Journal of Clinical Oncology ◽

10.1200/jco.2009.22.1077 ◽

2010 ◽

Vol 28 (1) ◽

pp. 77-82 ◽

Cited By ~ 95

Author(s):

Margot Burnell ◽

Mark N. Levine ◽

Judith-Anne W. Chapman ◽

Vivien Bramwell ◽

Karen Gelmon ◽

...

Keyword(s):

Breast Cancer ◽

High Risk ◽

Locally Advanced Breast Cancer ◽

Locally Advanced ◽

Axillary Node ◽

High Dose ◽

Node Negative ◽

Node Positive ◽

Node Negative Breast Cancer ◽

Dose Dense

Purpose Cyclophosphamide, epirubicin, and fluorouracil (CEF) and doxorubicin and cyclophosphamide (AC) followed by paclitaxel (T) are commonly used adjuvant regimens in women with early breast cancer.
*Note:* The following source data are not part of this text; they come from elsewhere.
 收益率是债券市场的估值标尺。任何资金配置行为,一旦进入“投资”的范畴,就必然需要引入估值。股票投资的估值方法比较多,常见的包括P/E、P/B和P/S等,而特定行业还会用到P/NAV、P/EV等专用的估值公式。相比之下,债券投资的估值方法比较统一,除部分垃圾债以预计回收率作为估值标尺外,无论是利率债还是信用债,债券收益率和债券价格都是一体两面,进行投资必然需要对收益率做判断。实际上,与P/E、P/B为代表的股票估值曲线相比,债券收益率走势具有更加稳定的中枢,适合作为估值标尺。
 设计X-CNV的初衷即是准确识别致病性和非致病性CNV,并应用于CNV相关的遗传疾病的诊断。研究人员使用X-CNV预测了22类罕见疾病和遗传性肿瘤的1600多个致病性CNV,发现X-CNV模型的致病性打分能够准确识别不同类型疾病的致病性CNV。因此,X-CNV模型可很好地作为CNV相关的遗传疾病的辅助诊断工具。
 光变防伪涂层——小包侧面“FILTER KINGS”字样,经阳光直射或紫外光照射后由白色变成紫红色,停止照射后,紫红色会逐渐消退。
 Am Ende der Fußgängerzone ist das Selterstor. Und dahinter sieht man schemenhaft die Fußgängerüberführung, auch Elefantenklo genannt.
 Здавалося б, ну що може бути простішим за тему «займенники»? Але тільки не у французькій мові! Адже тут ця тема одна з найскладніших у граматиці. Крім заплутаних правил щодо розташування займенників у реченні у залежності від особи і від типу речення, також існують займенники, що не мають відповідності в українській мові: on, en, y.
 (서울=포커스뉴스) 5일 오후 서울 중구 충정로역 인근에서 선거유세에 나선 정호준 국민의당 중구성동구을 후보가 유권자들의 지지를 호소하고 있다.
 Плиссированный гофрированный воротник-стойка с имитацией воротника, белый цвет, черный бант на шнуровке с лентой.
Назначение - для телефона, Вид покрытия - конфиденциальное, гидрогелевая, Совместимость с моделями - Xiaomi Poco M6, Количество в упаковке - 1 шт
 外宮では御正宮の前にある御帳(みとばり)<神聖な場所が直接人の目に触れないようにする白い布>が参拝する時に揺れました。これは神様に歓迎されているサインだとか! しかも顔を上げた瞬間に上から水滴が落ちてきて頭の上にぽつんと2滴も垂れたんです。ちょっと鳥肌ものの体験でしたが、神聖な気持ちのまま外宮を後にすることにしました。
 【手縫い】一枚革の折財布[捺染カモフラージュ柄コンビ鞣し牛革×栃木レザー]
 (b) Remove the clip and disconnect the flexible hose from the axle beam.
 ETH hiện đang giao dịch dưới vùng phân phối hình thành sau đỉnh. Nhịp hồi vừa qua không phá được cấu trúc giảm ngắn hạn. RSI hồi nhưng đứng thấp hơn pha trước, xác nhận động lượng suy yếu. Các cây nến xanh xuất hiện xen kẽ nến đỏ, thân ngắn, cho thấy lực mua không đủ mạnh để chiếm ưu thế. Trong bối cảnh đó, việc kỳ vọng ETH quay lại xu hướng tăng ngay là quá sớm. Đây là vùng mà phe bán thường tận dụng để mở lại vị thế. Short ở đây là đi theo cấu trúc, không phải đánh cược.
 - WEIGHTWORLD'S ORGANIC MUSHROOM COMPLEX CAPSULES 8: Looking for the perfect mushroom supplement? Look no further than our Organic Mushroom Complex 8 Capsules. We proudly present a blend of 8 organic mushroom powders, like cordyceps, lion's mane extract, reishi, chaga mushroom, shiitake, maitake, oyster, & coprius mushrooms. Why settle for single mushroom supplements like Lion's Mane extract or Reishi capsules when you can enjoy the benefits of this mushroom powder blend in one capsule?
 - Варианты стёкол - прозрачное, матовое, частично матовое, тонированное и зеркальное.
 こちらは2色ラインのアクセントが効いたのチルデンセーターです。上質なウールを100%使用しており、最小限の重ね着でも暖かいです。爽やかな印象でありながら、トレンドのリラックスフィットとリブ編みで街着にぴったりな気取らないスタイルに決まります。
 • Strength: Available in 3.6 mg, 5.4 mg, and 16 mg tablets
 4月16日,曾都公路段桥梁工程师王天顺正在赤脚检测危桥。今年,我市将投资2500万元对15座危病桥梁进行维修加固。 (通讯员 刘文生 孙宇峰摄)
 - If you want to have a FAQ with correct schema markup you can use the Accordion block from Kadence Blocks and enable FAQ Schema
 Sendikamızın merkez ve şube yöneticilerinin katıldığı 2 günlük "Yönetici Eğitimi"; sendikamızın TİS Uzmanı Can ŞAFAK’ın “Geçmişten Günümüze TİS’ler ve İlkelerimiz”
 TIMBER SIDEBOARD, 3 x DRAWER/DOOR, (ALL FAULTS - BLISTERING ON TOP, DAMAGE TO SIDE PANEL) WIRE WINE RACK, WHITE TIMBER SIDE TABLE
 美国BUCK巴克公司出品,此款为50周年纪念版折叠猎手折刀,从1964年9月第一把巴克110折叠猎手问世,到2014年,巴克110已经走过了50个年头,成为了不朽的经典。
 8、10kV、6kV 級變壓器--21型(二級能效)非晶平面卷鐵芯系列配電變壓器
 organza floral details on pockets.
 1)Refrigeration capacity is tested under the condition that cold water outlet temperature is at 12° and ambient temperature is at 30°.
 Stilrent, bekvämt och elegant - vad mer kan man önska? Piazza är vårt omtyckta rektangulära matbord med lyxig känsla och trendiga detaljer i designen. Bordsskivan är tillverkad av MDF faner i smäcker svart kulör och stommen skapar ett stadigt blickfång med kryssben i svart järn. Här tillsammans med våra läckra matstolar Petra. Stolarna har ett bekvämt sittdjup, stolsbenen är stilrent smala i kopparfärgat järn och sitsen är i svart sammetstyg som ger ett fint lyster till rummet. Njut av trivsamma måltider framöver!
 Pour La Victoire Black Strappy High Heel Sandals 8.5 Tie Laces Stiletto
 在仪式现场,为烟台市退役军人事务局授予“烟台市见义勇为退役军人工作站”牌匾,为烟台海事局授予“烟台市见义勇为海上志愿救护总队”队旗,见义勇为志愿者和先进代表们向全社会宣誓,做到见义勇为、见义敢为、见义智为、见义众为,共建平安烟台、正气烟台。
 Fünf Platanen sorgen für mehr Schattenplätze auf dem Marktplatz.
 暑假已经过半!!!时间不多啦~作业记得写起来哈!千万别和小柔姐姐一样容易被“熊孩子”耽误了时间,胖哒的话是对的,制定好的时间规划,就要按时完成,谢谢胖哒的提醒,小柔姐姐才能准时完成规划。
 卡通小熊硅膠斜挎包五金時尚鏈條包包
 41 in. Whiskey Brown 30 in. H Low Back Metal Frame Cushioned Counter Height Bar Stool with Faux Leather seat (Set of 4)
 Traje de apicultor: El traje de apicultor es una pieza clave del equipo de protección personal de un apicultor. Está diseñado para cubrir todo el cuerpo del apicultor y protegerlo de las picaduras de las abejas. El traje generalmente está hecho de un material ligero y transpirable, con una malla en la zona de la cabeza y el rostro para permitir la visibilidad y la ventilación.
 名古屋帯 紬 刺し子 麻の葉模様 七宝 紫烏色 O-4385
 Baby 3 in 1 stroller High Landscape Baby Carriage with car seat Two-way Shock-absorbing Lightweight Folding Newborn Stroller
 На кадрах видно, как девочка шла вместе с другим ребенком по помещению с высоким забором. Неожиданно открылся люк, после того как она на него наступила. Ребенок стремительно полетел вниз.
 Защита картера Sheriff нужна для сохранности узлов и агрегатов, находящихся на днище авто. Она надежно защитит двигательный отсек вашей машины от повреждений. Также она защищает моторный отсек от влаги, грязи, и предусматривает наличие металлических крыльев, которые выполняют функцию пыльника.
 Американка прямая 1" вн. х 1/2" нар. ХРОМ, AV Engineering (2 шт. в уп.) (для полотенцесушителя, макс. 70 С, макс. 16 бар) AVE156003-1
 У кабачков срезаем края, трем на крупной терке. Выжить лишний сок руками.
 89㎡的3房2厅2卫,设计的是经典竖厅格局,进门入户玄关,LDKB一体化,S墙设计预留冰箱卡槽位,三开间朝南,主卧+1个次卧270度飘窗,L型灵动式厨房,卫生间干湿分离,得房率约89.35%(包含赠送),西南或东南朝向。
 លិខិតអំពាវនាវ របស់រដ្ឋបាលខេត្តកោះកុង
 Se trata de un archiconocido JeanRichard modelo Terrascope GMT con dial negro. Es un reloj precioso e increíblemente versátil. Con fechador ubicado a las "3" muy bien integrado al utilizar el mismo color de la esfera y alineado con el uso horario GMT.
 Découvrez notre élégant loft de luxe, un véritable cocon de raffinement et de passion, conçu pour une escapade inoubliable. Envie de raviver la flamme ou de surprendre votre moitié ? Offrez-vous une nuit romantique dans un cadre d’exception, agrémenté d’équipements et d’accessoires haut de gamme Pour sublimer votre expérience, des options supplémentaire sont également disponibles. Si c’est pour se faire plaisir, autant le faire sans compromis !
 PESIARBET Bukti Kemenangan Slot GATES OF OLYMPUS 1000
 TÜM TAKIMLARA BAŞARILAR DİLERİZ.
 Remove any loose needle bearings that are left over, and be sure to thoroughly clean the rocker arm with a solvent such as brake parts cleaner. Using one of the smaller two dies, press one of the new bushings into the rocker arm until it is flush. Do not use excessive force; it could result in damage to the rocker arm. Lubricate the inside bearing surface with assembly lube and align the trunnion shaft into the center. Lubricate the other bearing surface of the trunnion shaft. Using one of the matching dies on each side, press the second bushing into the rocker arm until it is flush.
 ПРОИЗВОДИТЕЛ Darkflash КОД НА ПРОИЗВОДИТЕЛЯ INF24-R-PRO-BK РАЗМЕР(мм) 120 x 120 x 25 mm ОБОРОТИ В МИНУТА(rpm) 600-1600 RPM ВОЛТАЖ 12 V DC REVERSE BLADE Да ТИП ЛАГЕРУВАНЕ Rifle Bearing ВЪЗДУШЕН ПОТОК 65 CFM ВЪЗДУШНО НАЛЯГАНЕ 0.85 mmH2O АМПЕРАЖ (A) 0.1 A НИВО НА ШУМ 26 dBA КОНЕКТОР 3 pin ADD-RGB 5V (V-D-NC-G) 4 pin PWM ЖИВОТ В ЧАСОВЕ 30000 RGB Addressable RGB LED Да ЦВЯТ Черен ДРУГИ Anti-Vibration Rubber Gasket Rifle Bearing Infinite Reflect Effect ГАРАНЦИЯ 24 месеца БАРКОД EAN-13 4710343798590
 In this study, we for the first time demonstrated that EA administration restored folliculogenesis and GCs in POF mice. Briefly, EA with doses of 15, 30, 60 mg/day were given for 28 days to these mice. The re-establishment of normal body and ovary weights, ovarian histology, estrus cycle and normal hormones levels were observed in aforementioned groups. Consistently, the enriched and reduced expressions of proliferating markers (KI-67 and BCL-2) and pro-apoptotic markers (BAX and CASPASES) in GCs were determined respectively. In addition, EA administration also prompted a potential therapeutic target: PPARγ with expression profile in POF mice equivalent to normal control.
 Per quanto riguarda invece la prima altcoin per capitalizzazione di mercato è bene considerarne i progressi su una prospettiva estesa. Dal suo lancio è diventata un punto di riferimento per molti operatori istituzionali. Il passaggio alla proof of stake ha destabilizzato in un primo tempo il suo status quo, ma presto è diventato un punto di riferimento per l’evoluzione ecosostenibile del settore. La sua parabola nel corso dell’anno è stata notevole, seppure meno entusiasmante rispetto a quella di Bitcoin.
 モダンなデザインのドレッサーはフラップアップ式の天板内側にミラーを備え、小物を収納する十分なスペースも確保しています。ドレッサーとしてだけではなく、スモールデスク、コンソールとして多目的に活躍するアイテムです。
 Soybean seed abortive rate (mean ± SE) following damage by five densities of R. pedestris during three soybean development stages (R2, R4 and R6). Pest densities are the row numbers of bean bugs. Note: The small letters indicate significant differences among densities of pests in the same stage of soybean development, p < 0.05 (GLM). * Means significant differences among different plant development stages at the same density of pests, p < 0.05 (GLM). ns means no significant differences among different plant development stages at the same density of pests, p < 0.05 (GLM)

In a previous trial in women with locally advanced breast cancer, 3 months of high-dose epirubicin and cyclophosphamide (EC) administered every 2 weeks (dose-dense) was equivalent to 6 months of CEF. We hypothesized that 3 months of paclitaxel after dose-dense EC (EC/T) would be superior to CEF or AC/T. Methods After lumpectomy or mastectomy, women 60 years of age or younger with axillary node-positive or high-risk node-negative breast cancer were randomly assigned to receive CEF, EC/T, or AC/T for 6 months. This article reports the interim analysis for recurrence-free survival (RFS), which was planned after 227 recurrences. Results A total of 2,104 patients were enrolled. The median follow-up is 30.4 months. Hazard ratios for recurrence are as follows: AC/T versus CEF, 1.49 (95% CI, 1.12 to 1.99), P = .005; AC/T versus EC/T, 1.68 (95% CI, 1.25 to 2.27), P = .0006; and EC/T versus CEF, 0.89 (95% CI, 0.64 to 1.22), P = .46. Three-year RFS rates for CEF, EC/T, and AC/T are 90.1%, 89.5%, and 85.0%, respectively. There was more febrile neutropenia with CEF (22.3%) and EC/T (16.4%) compared with AC/T (4.8%), but more neuropathy with the last two regimens. Conclusion Three-weekly AC/T is significantly inferior to CEF or EC/T in terms of RFS. It is too early to detect any difference between CEF and dose-dense EC/T.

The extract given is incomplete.